Employed physicians could see job losses or salary cuts if the recession continues.
By Karen Caffarini, AMNews staff. Posted Jan. 26, 2009.
Increasing numbers of hospitals nationwide are instituting mass layoffs as they try to stay solvent in what some administrators and consultants have called the most challenging time for the industry in at least 40 years.
Some smaller hospitals have even laid off employed doctors or slashed physician pay, and consultants warn that as the economy gets worse, more hospitals will likely follow.
The U.S. Dept. of Labor's Bureau of Labor Statistics reported that as of Nov. 30, 2008, 107 hospitals had reported mass layoffs, defined as 50 or more unemployment claims filed against one company at one time. That was the highest yearly number since the bureau began keeping these statistics in 1995, surpassing the previous high of 100 mass layoffs during 2003.

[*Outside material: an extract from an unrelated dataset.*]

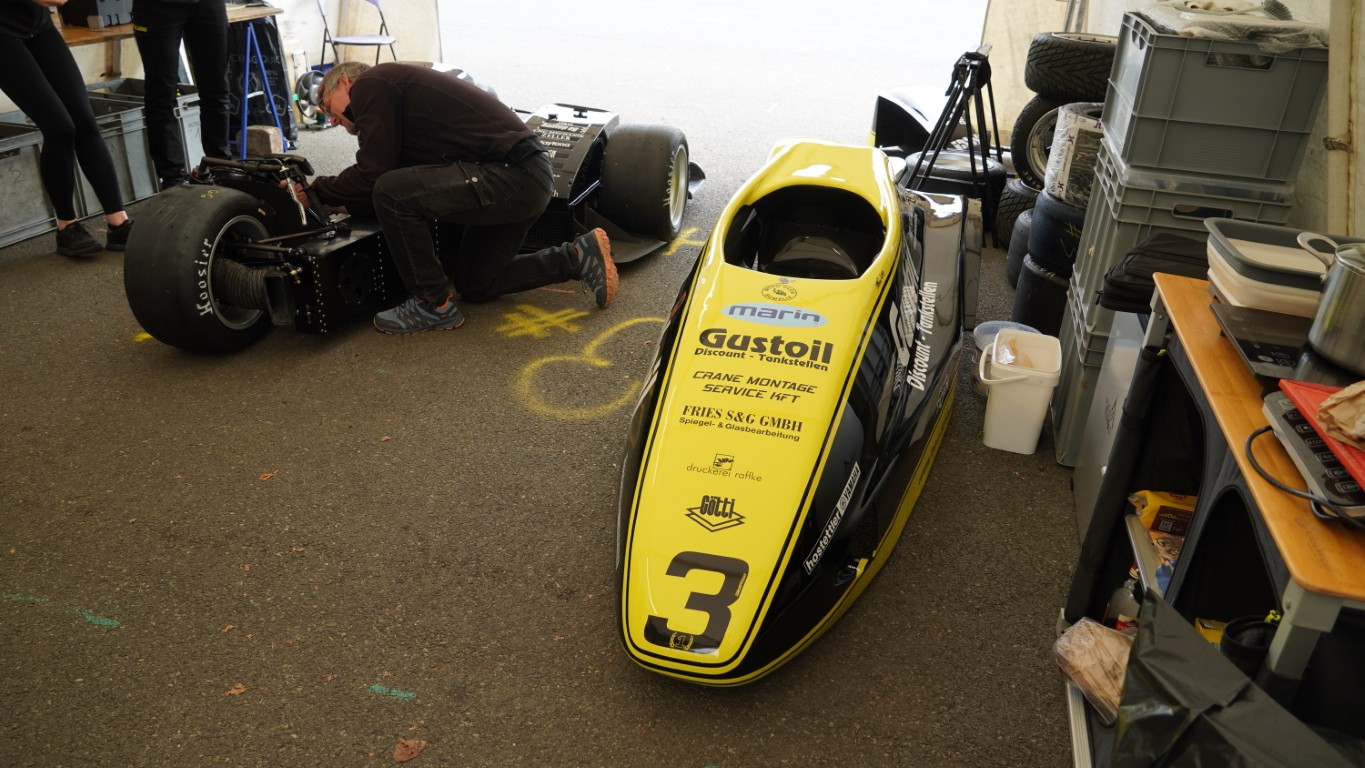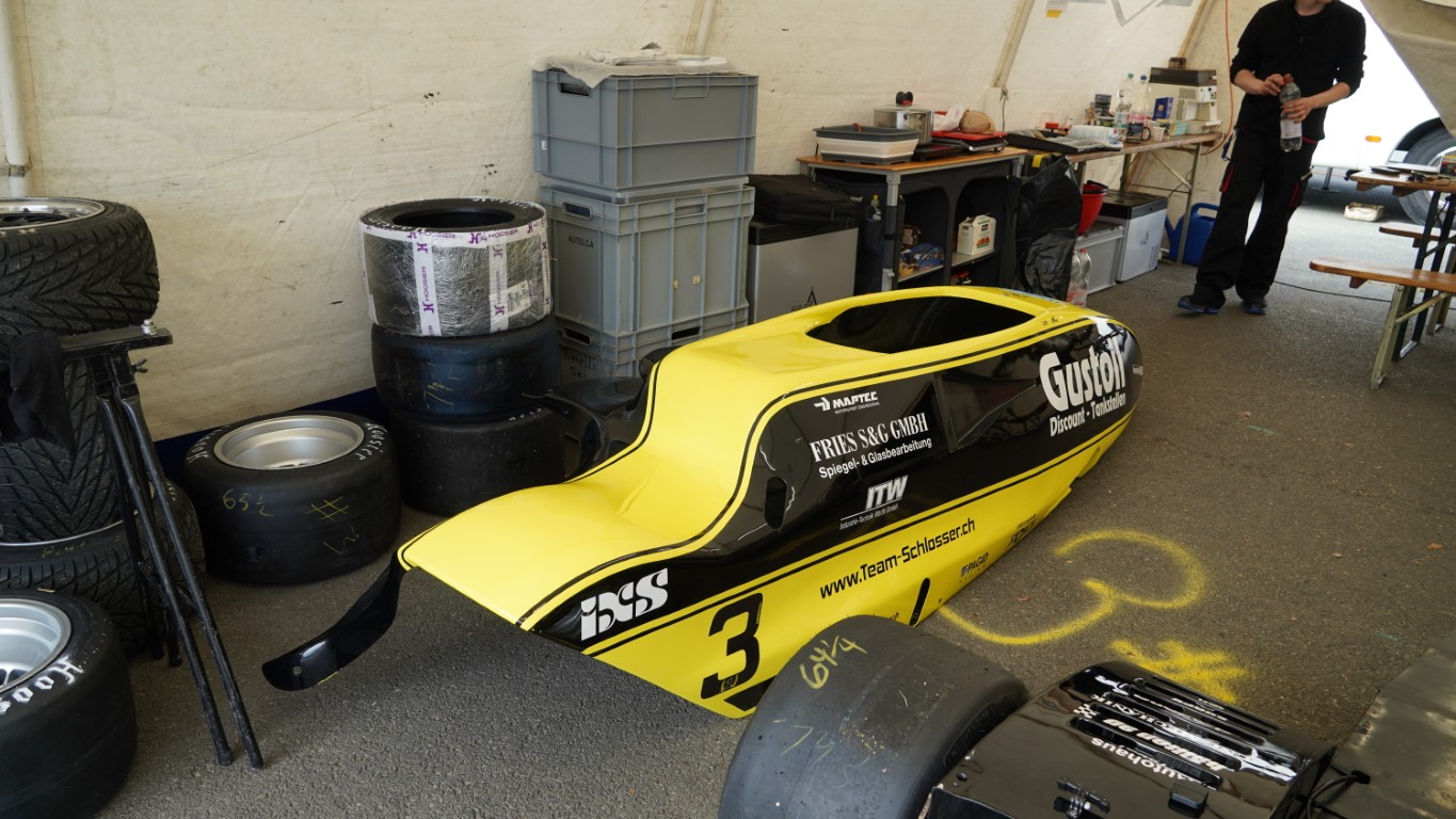 Ich nahm meinen ganzen Mut zusammen und stellte mich kurz vor. Markus Schlosser, der Fahrer, war erstaunt, dass ich nichts von ihnen wusste. Trotz anstehendem Training nahm er sich kurz Zeit für mich und beantwortete meine Fragen. Die Seitenwagen sind geklebt und vernietet. Angetrieben werden sie von einem Yamaha R6 Motor. Für diese Meisterschaft ist ein Motor mit 600 Kubik vorgeschrieben. Hauptsächlich wird mit dem R6 Motor gefahren, es gäbe aber ein Team, das einen Kawasaki Motor hat, meinte Markus Schlosser. Ich schoss noch ein paar Bilder, bedankte mich und verschwand mit riesiger Freude.

There were at least 10 incidents of mass layoffs every month for six months from June 2008 through November 2008. No previously recorded year had more than two straight months with 10 or more layoffs.
These statistics don't include incidents of layoffs of fewer than 50 people at a time. The American Hospital Assn. has no data on that, but a survey it conducted in October 2008 found that 53% of the 736 hospitals responding were considering staff cutbacks due to financial stress.
Hospital administrators say a combination of factors resulting from the recession have caused an economic meltdown unlike any they've seen.
Layoffs throughout the overall business community have swelled the number of uninsured patients at the same time that cash-strapped states have slashed Medicare and Medicaid reimbursements. A bear market has resulted in investment losses straining hospital endowments and reserves. Donations are down. And skittish banks have made it more difficult or more expensive to borrow or have frozen credit altogether.